▶ **Supplied entries**
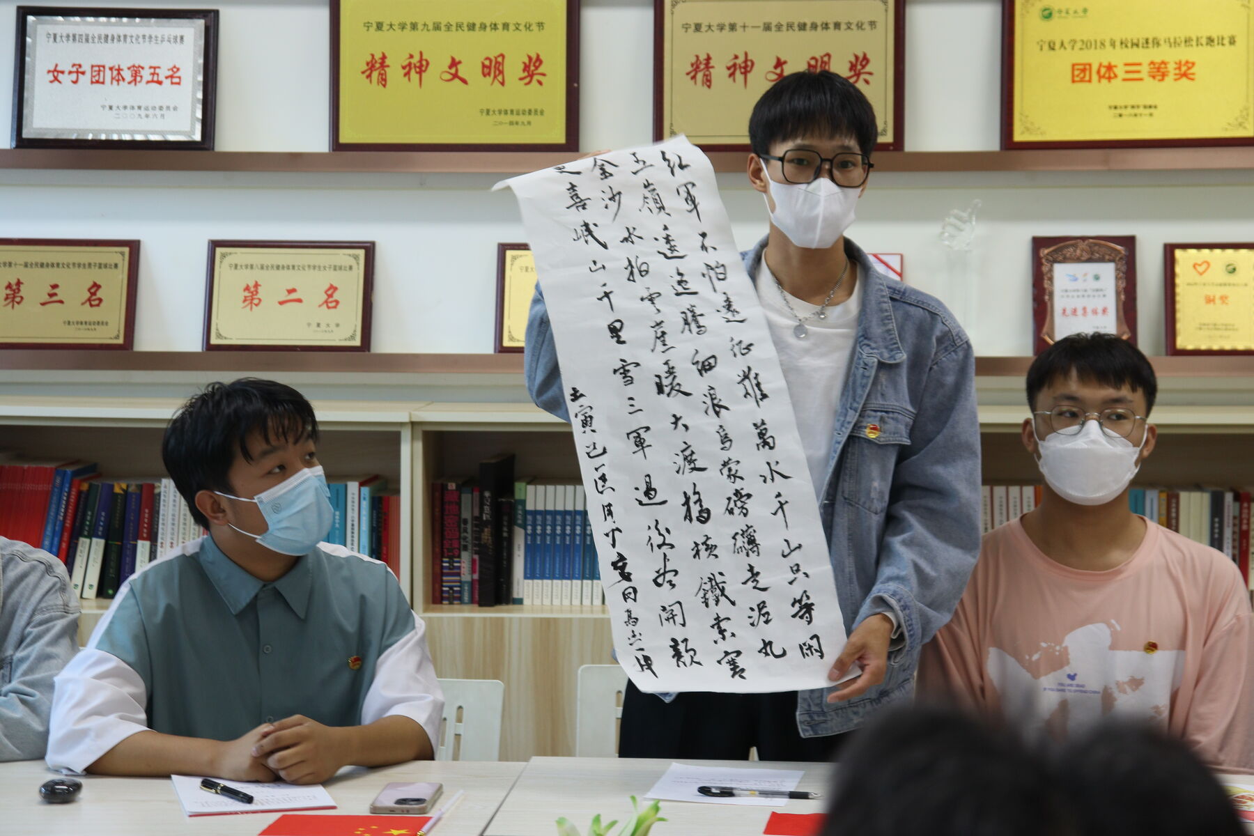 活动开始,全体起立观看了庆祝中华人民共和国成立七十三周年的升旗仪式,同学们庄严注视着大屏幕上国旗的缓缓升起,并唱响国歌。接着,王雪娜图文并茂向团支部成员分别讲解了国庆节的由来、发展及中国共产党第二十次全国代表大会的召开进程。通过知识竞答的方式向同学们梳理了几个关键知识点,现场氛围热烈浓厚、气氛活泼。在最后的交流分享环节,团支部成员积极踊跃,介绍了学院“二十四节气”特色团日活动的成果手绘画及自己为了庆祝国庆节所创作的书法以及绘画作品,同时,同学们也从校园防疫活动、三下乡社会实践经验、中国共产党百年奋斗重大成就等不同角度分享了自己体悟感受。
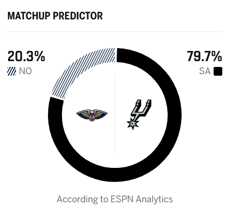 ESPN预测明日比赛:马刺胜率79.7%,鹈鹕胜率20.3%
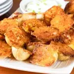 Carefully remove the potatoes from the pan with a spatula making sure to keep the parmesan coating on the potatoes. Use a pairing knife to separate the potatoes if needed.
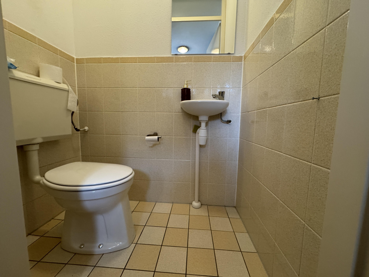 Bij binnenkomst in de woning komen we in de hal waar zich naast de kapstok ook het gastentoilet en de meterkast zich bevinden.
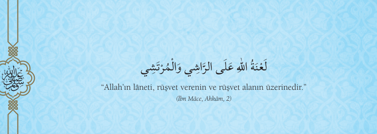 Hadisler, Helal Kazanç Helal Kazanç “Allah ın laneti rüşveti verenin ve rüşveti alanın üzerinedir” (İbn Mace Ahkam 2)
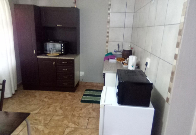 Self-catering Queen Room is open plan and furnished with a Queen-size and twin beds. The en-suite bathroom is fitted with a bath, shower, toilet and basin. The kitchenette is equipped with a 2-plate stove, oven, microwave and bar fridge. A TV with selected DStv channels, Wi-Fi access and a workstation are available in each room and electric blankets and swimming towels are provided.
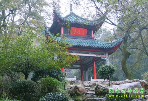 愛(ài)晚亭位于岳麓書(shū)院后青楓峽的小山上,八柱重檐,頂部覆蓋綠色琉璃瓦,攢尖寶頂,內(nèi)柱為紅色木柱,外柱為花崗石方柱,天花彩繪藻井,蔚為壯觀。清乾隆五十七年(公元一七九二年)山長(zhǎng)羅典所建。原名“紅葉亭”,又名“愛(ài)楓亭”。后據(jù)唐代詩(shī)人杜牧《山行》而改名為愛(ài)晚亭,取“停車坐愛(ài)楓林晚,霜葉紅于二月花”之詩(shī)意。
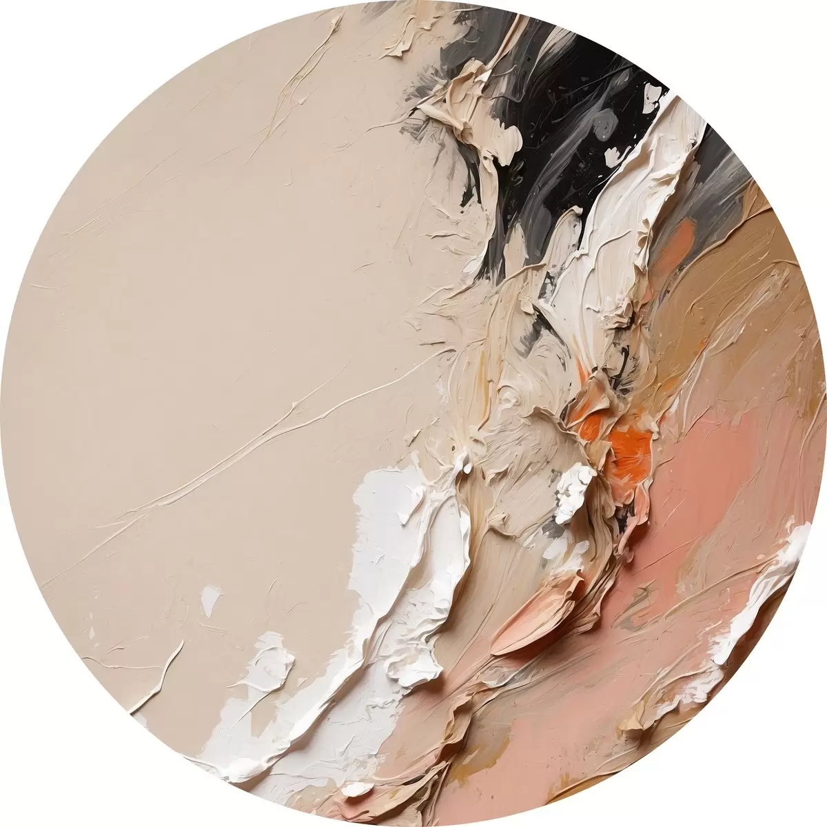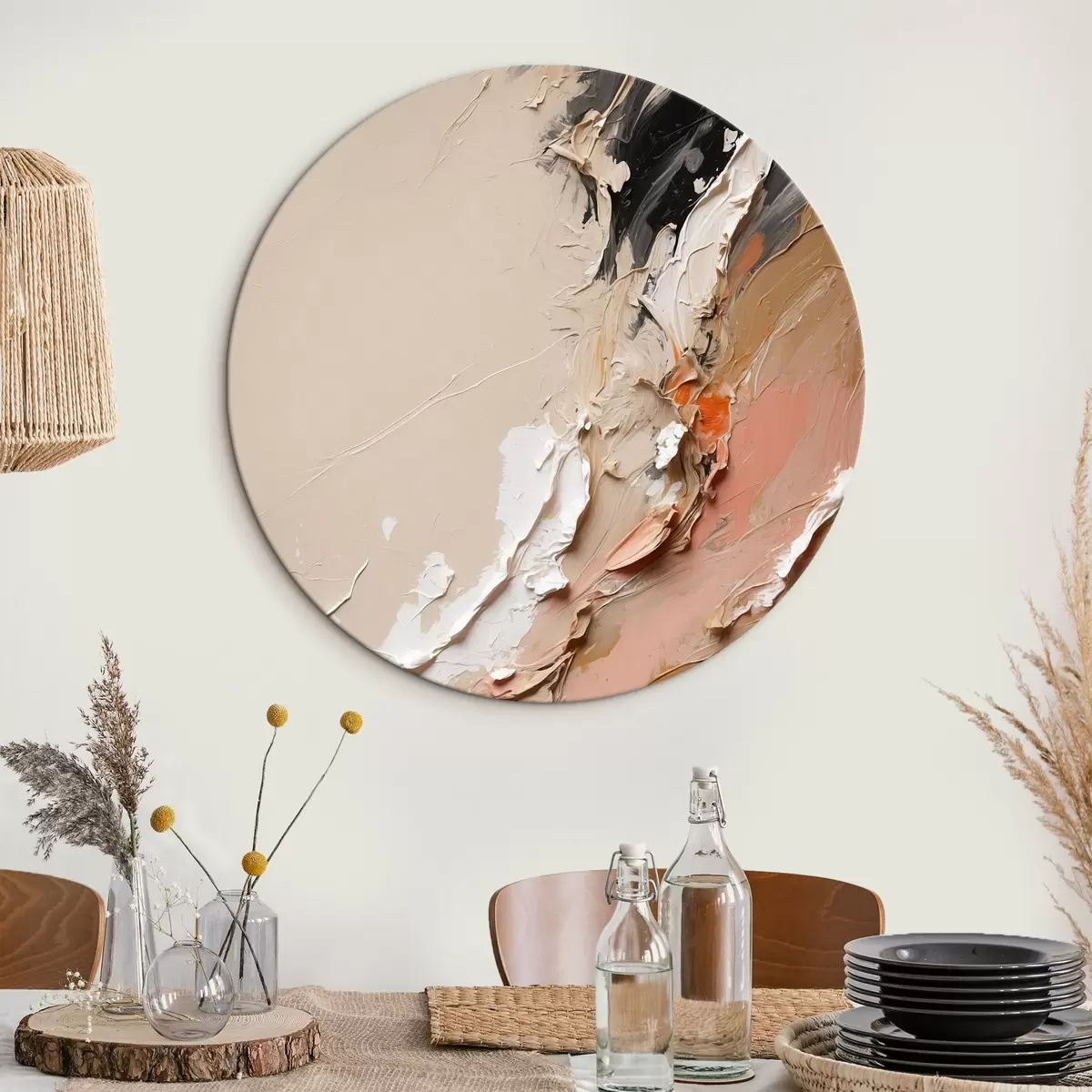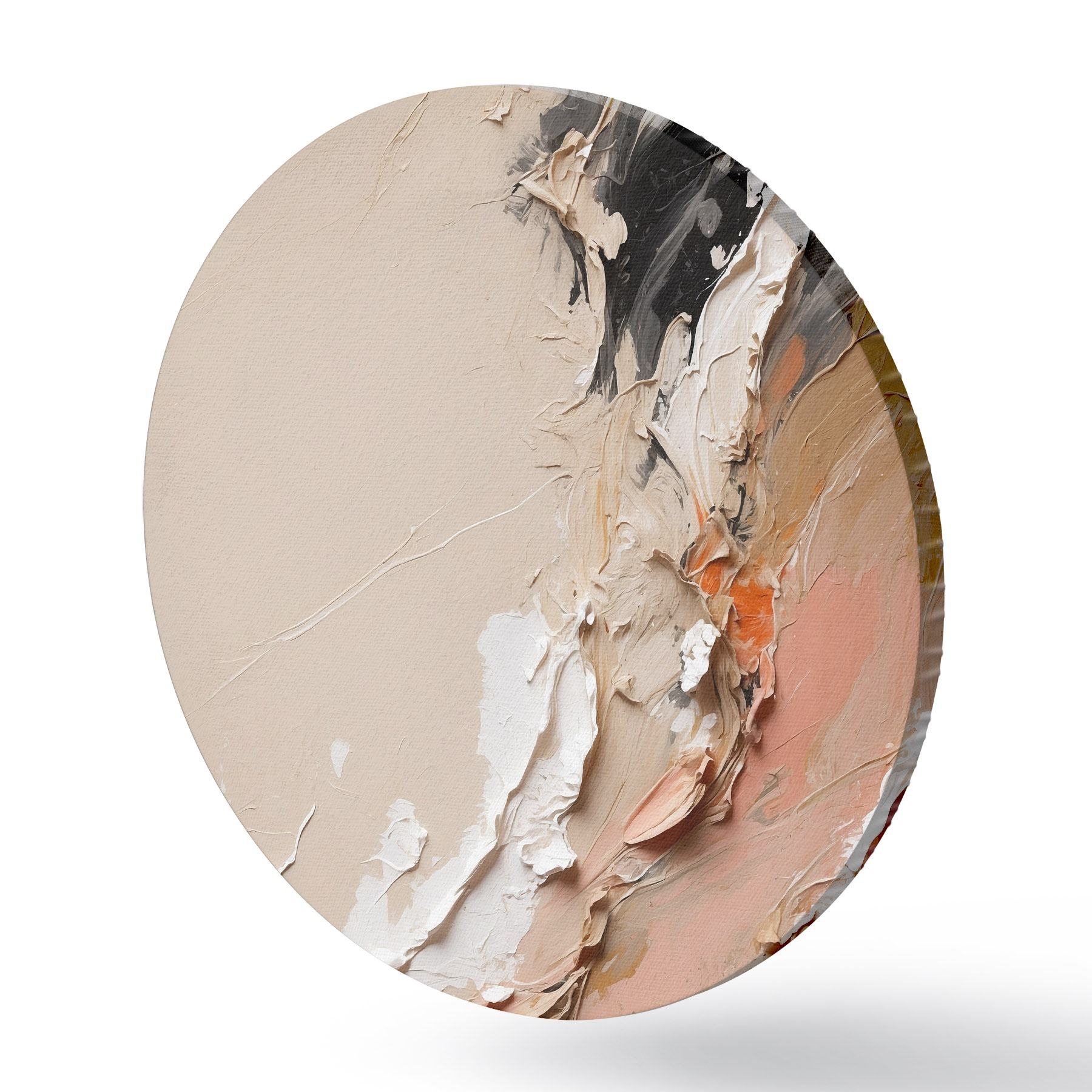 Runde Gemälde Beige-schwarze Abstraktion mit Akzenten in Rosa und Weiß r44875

--

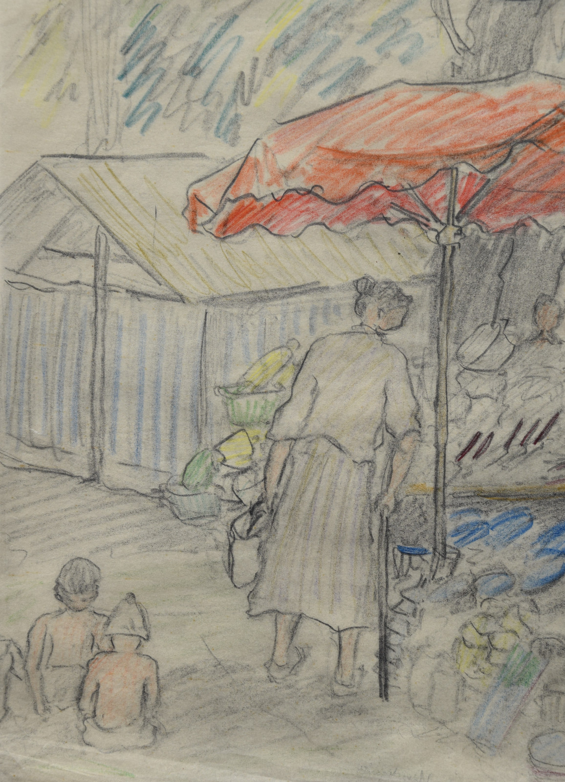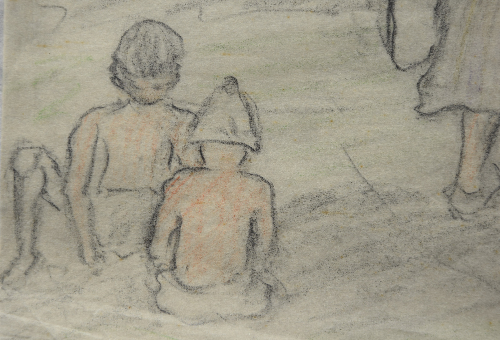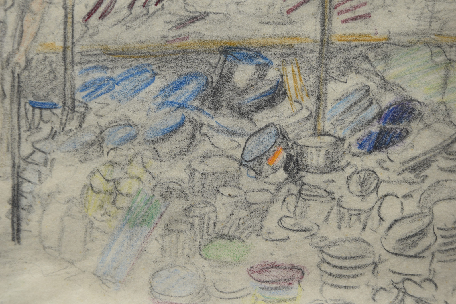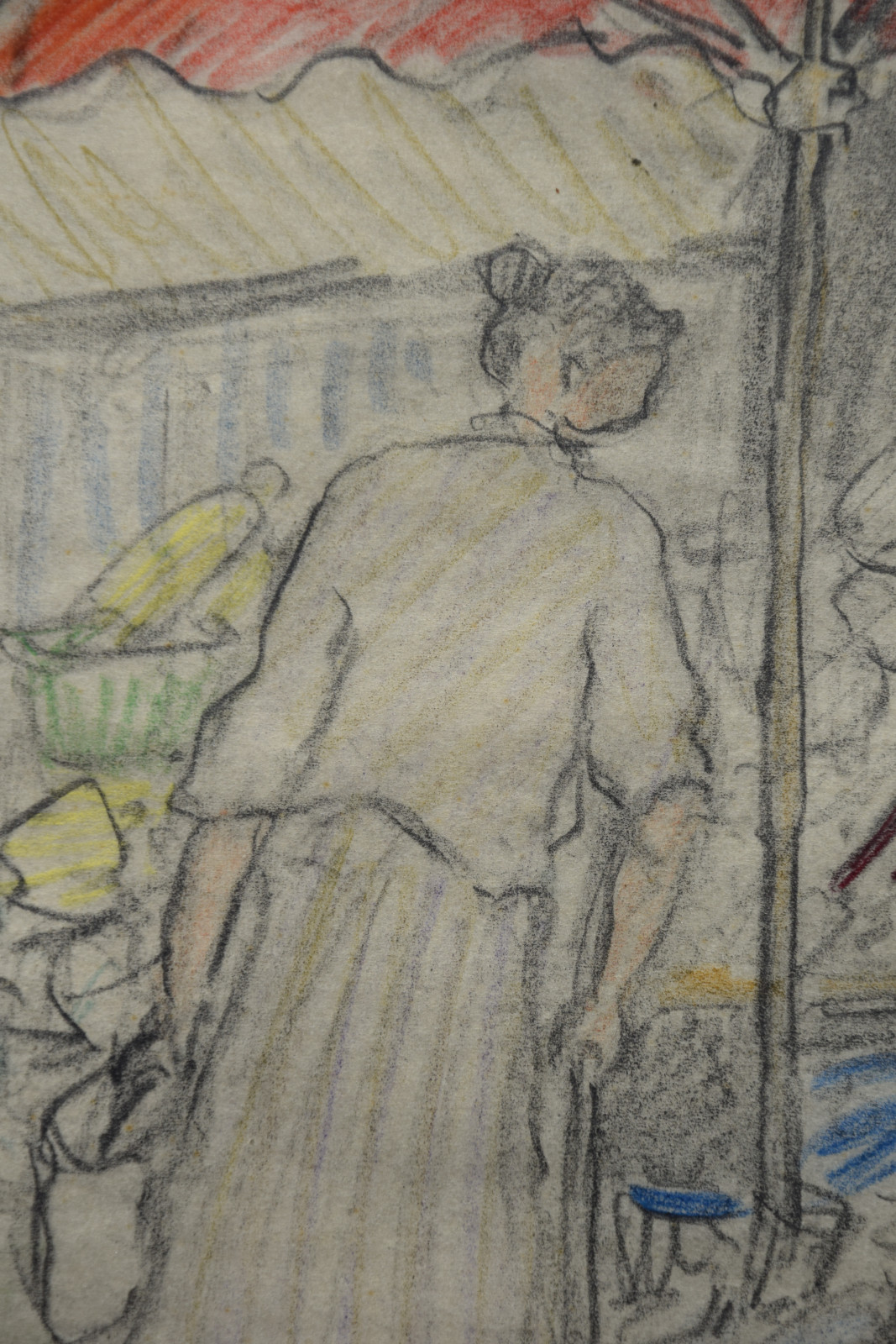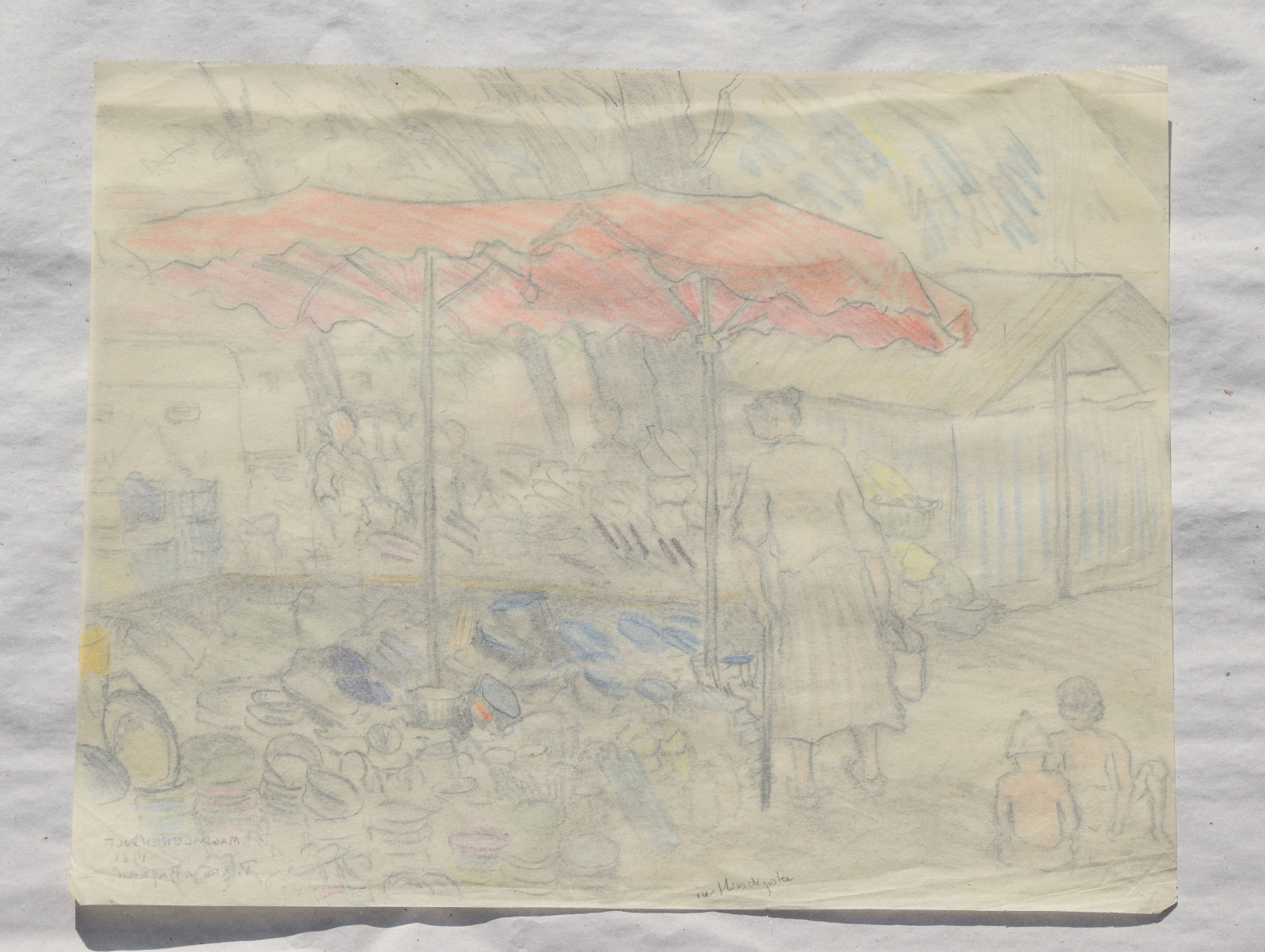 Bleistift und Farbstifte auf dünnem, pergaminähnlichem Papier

▶ **Task brief**
Beginning with the line above that contains "活动开始,全体起立观看了庆祝" and ending with the line that contains "ESPN预测明日比赛:马刺胜率79.7%,鹈鹕胜率20.3%", quote each line exactly, keeping out the pictures.

▶ **Answer area**
 活动开始,全体起立观看了庆祝中华人民共和国成立七十三周年的升旗仪式,同学们庄严注视着大屏幕上国旗的缓缓升起,并唱响国歌。接着,王雪娜图文并茂向团支部成员分别讲解了国庆节的由来、发展及中国共产党第二十次全国代表大会的召开进程。通过知识竞答的方式向同学们梳理了几个关键知识点,现场氛围热烈浓厚、气氛活泼。在最后的交流分享环节,团支部成员积极踊跃,介绍了学院“二十四节气”特色团日活动的成果手绘画及自己为了庆祝国庆节所创作的书法以及绘画作品,同时,同学们也从校园防疫活动、三下乡社会实践经验、中国共产党百年奋斗重大成就等不同角度分享了自己体悟感受。
 ESPN预测明日比赛:马刺胜率79.7%,鹈鹕胜率20.3%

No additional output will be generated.